Mackworth Island State Park is an approximately  island in Falmouth, Maine, United States, adjacent to its border with Portland, Maine.  In 1631, Sir Ferdinando Gorges gave the island to Arthur Mackworth, his deputy in Casco Bay, and the island has retained his name.  There is a causeway connecting the island to the mainland in Falmouth. Visitors to the island must pass a state park entrance tollhouse and pay an entrance fee; cars can enter the island but parking is limited. There is a footpath around the perimeter of the island with views of Falmouth, Portland, and other islands surrounding the bay. The island is heavily wooded. One portion of the woods is dedicated to “Fairy Houses” which are constructed by visitors using natural materials found on the island.  Mackworth Island has a beautiful rocky shore and offers ample opportunities for surf fisherman of Bluefish and Stripers.
There is a nominal 3 dollar entrance fee per person. 
Although most areas of the island are State Park lands, there is a school area that is not open to the public.
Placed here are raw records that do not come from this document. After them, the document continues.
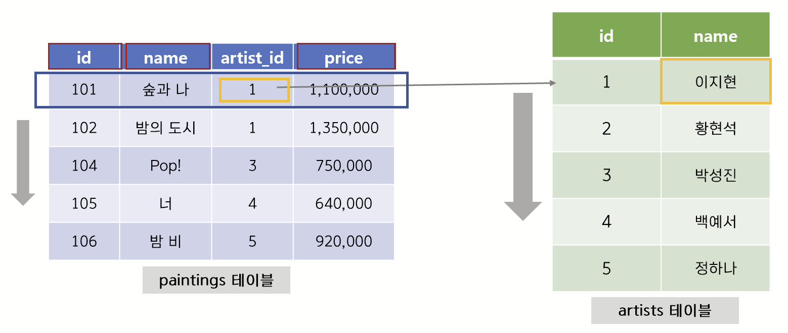 작품의 정보가 담긴 paintings 테이블과 작품의 작가에 대한 정보가 담겨있는 artists 테이블이 있다.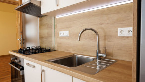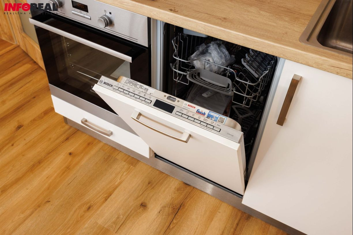 - Plne vybavená kuchyňa: plynová varná doska, elektrická rúra, digestor, umývačka riadu, chladnička s mrazničkou.
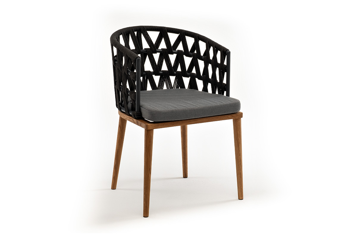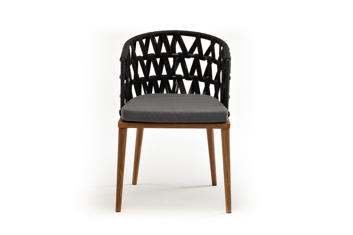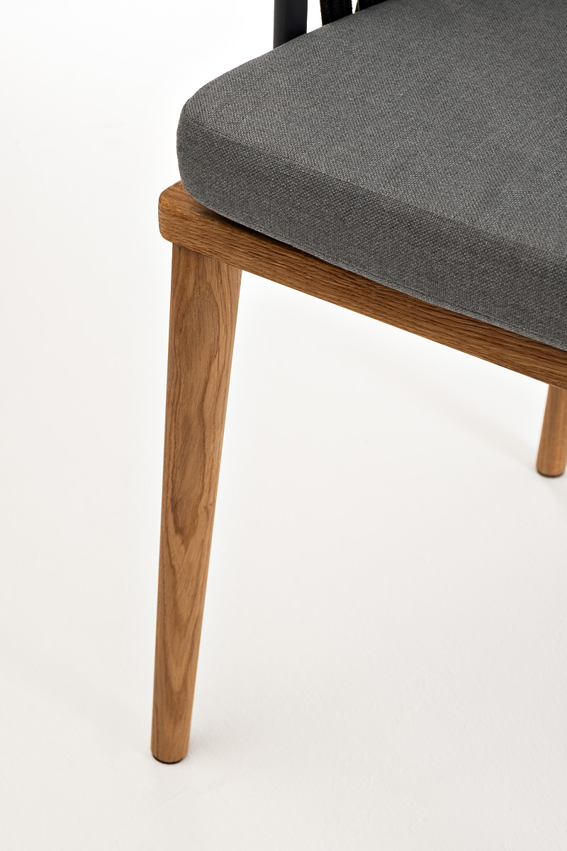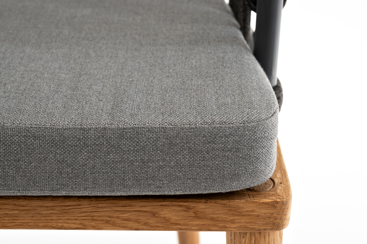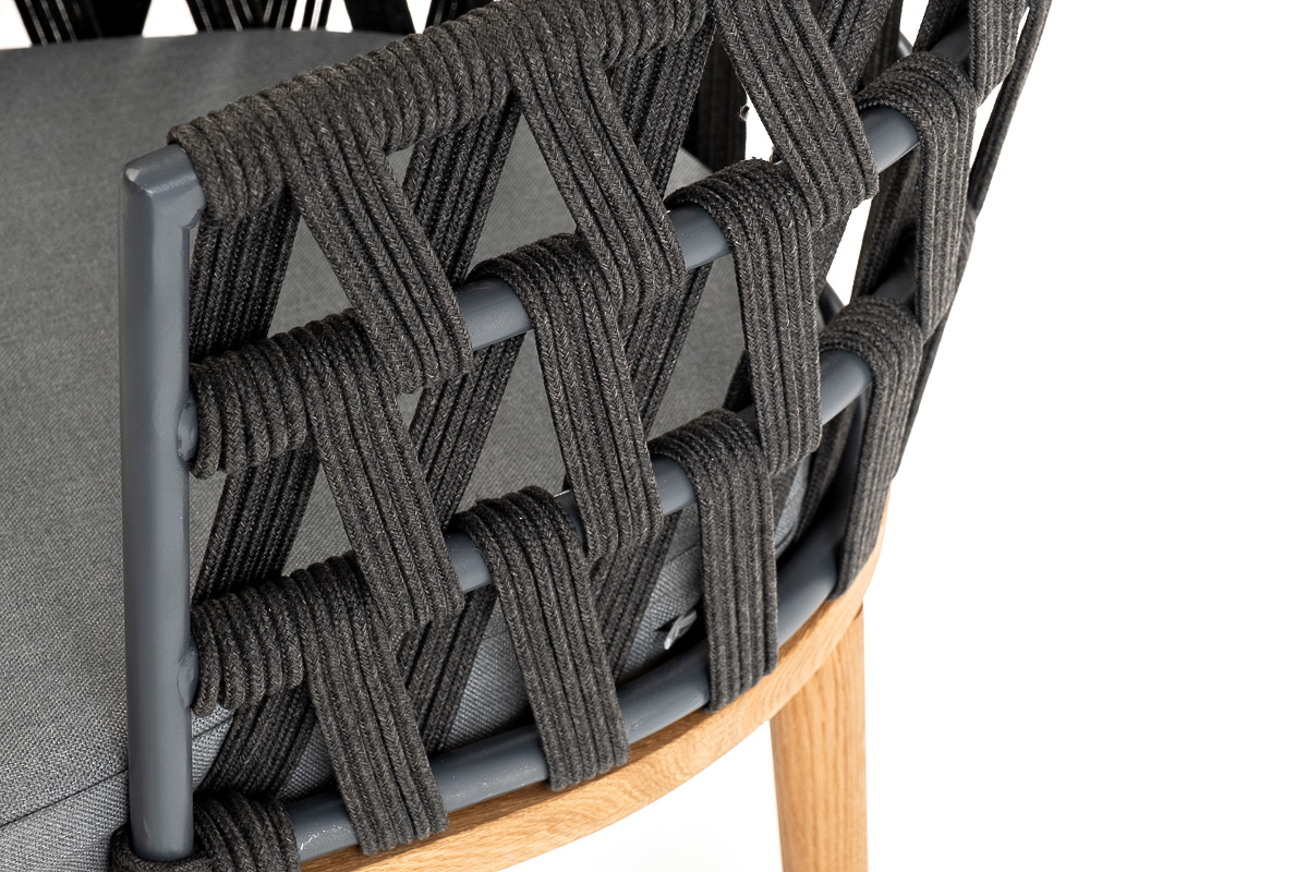 "Диего" стул плетеный из роупа, основание дуб, роуп темно-серый круглый, ткань серая

The island is also home to the Governor Baxter Dog Memorial, a pet cemetery where fourteen of the former governor's Irish Setters and one of his horses were laid to rest, accompanied by two bronze markers and a gravestone, all enclosed by a circular stone wall.

Governor Baxter School for The Deaf 

In 1943, Maine's governor Percival P. Baxter deeded the island and causeway, including his summer home, to the State of Maine. In 1957, the state created the Governor Baxter School for The Deaf (formerly known as the Maine School for The Deaf) on the island. The school is infamous for a sexual abuse scandal which became public in 1981 and involved the school's principal and superintendent. 
There is currently still a school operating at this site.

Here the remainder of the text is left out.